Here's an example using pandas
and xmltodict
import pandas as pd
import xmltodict
from pathlib import Path
xmldict = xmltodict.parse(Path("johnny.xml").read_text())
# unpack the names/text content from document.infon
xmldict["collection"]["document"]["infon"] = dict(
list(row.values())
for row in xmldict["collection"]["document"]["infon"]
)
# unpack the names/text content from annotation dicts
xmldict["collection"]["document"]["passage"]["annotation"] = [
{ key: val for key, val in row.items() if key != "infon" } |
{ col["@key"]: col.get("#text") for col in row["infon"] }
for row in xmldict["collection"]["document"]["passage"]["annotation"]
]
# use `.json_normalize()` to create a dataframe
# `.explode()` turns each annotation into its own row
df = (
pd.json_normalize(xmldict)
.explode("collection.document.passage.annotation")
)
# remove annotations column
# use `.json_normalize()` to create dataframe from annotation dicts
# concat/combine the columns with original dataframe
df = pd.concat(
[
df.drop(columns="collection.document.passage.annotation"),
pd.json_normalize(df["collection.document.passage.annotation"])
.set_index(df.index)
],
axis=1
)
You can rename/remove columns as desired:
>>> df.columns
Index(['collection.source', 'collection.date', 'collection.key',
'collection.document.id', 'collection.document.infon.tt_curatable',
'collection.document.infon.tt_version',
'collection.document.infon.tt_round',
'collection.document.passage.offset',
'collection.document.passage.text',
'@id', 'text', 'type', 'identifier', 'annotator', 'updated_at',
'location.@offset', 'location.@length'],
dtype='object')
>>> df[["@id", "text", "type", "identifier"]]
@id text type identifier
0 1 Johnny names first_name
0 3 pizza and chocolate food None
0 4 Italy location europe
0 2 Emily names first_name
[UPDATE]:
Possible alternative approach with the use of |
for row in xmldict["collection"]["document"]["passage"]["annotation"]:
row.update(
{ col["@key"]: col.get("#text") for col in row["infon"] }
)
row.pop("infon", None)
What happens is row
goes from:
{'@id': '1',
'infon': [
{'@key': 'type', '#text': 'names'},
{'@key': 'identifier', '#text': 'first_name'},
{'@key': 'annotator', '#text': 'annotator_1'},
{'@key': 'updated_at', '#text': '2023-01-22T22:12:56Z'}],
'location': {'@offset': '0', '@length': '6'},
'text': 'Johnny'}
Into:
{'@id': '1',
'type': 'names',
'identifier': 'first_name',
'annotator': 'annotator_1',
'updated_at': '2023-01-22T22:12:56Z',
'location': {'@offset': '0', '@length': '6'},
'text': 'Johnny'}
Each dict inside row["infon"]
is "unpacked" the the key/text values are "merged" into the top-level.
The infon
key is then removed.
The reason xmltodict
uses @key
/#text
is to avoid name-clashes.
If there was an inner {"@key": "text", ...}
in this example, merging it into the top-level would overwrite the existing "text": "Johnny"
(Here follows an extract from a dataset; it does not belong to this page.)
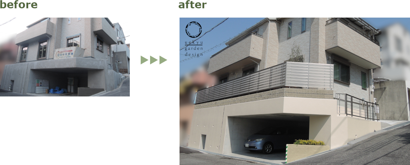 玄関前の通りはカーポートへ。 |

If this is a concern you could prepend annotation.
to the keys so you instead end up with:
{'@id': '1',
'annotation.type': 'names',
'annotation.identifier': 'first_name',
'annoation.annotator': 'annotator_1',
'annotation.updated_at': '2023-01-22T22:12:56Z',
'location': {'@offset': '0', '@length': '6'},
'text': 'Johnny'}
Which is probably what I should have done in the initial example.